The European Union multi-disciplinary Personalised RNA interference to Enhance the Delivery of Individualised Cytotoxic and Targeted therapeutics (PREDICT) consortium has recently initiated a framework to accelerate the development of predictive biomarkers of individual patient response to anti-cancer agents. The consortium focuses on the identification of reliable predictive biomarkers to approved agents with anti-angiogenic activity for which no reliable predictive biomarkers exist: sunitinib, a multi-targeted tyrosine kinase inhibitor and everolimus, a mammalian target of rapamycin (mTOR) pathway inhibitor. Through the analysis of tumor tissue derived from pre-operative renal cell carcinoma (RCC) clinical trials, the PREDICT consortium will use established and novel methods to integrate comprehensive tumor-derived genomic data with personalized tumor-derived small hairpin RNA and high-throughput small interfering RNA screens to identify and validate functionally important genomic or transcriptomic predictive biomarkers of individual drug response in patients.
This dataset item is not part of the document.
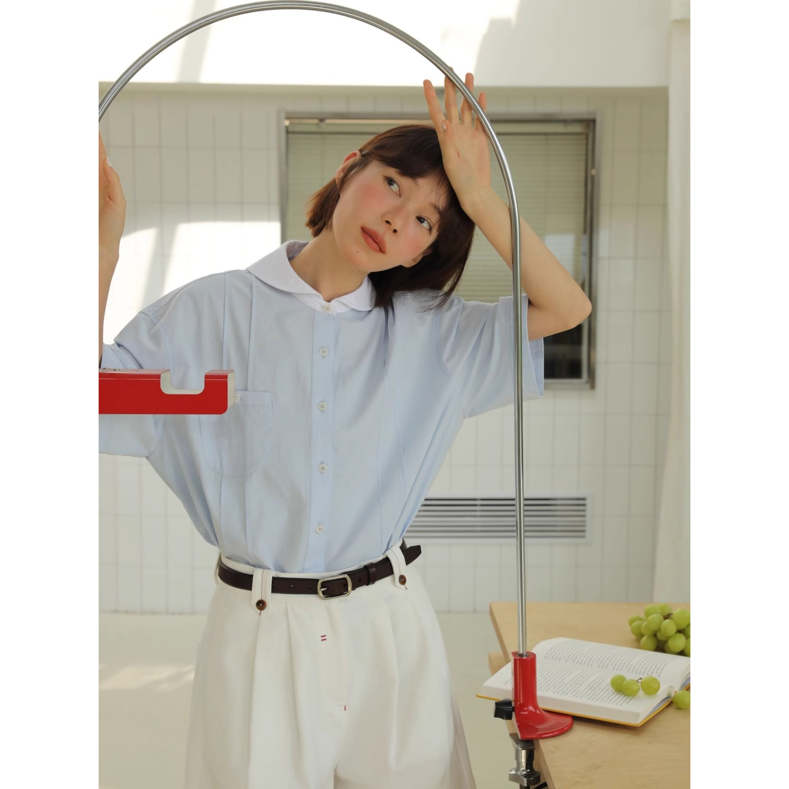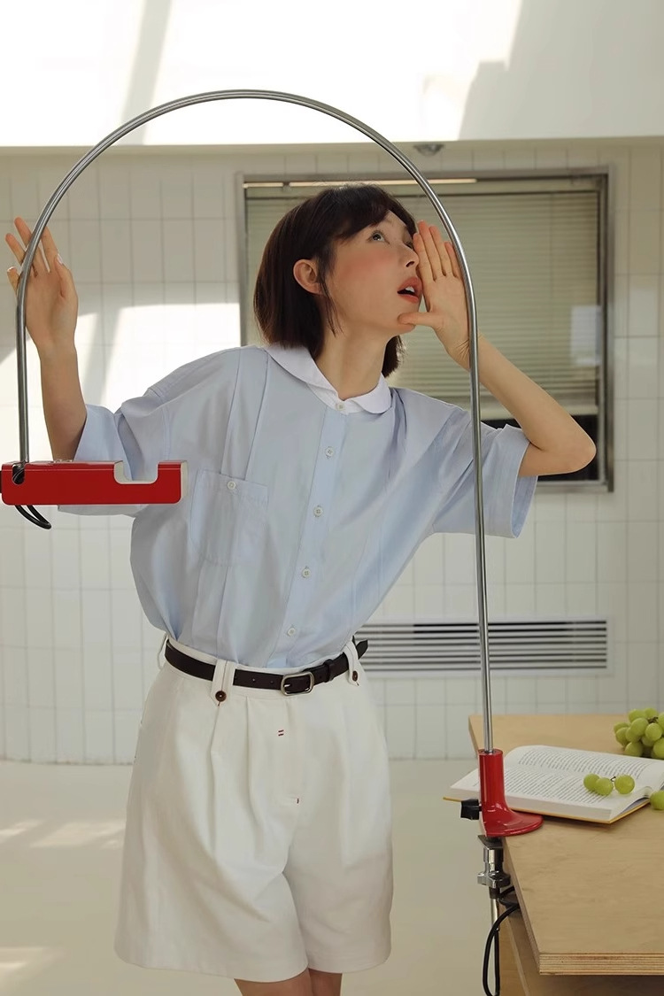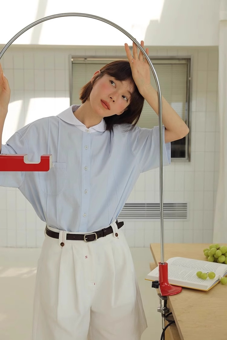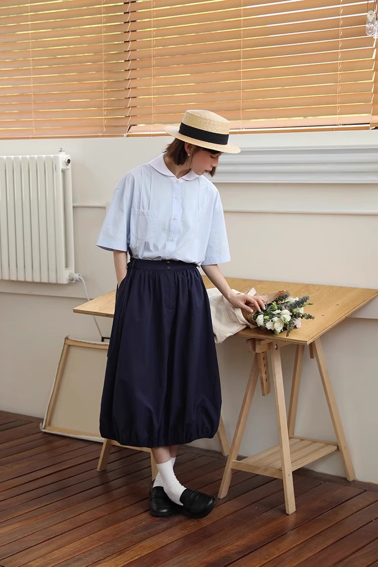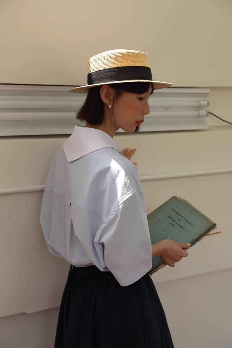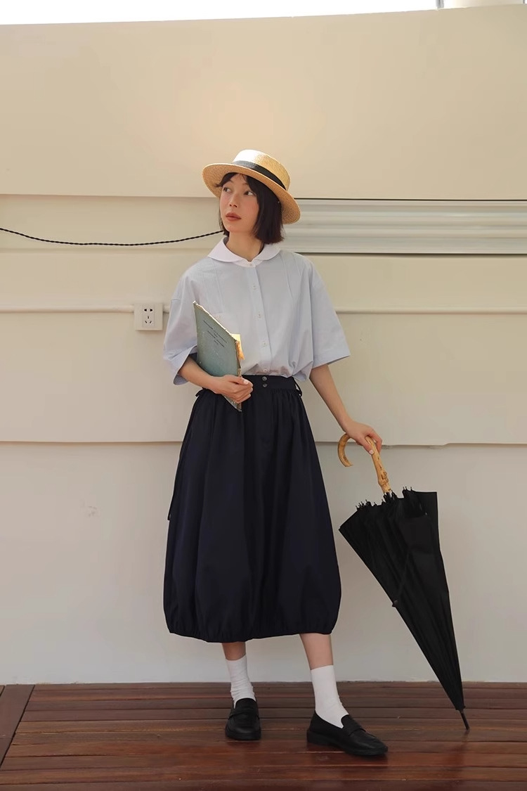 도파민 블루 주름 셔츠 여성의 여름 슬림 셔츠 일본 대학 스타일 독특한 연령 감소 인형 칼라 탑스토어 가기

PREDICT's approach to predictive biomarker discovery differs from conventional associative learning approaches, which can be susceptible to the detection of chance associations that lead to overestimation of true clinical accuracy. These methods will identify molecular pathways important for survival and growth of RCC cells and particular targets suitable for therapeutic development. Importantly, our results may enable individualized treatment of RCC, reducing ineffective therapy in drug-resistant disease, leading to improved quality of life and higher cost efficiency, which in turn should broaden patient access to beneficial therapeutics, thereby enhancing clinical outcome and cancer survival. The consortium will also establish and consolidate a European network providing the technological and clinical platform for large-scale functional genomic biomarker discovery. Here we review our current understanding of molecular mechanisms driving resistance to anti-angiogenesis agents, the current limitations of laboratory and clinical trial strategies and how the PREDICT consortium will endeavor to identify a new generation of predictive biomarkers.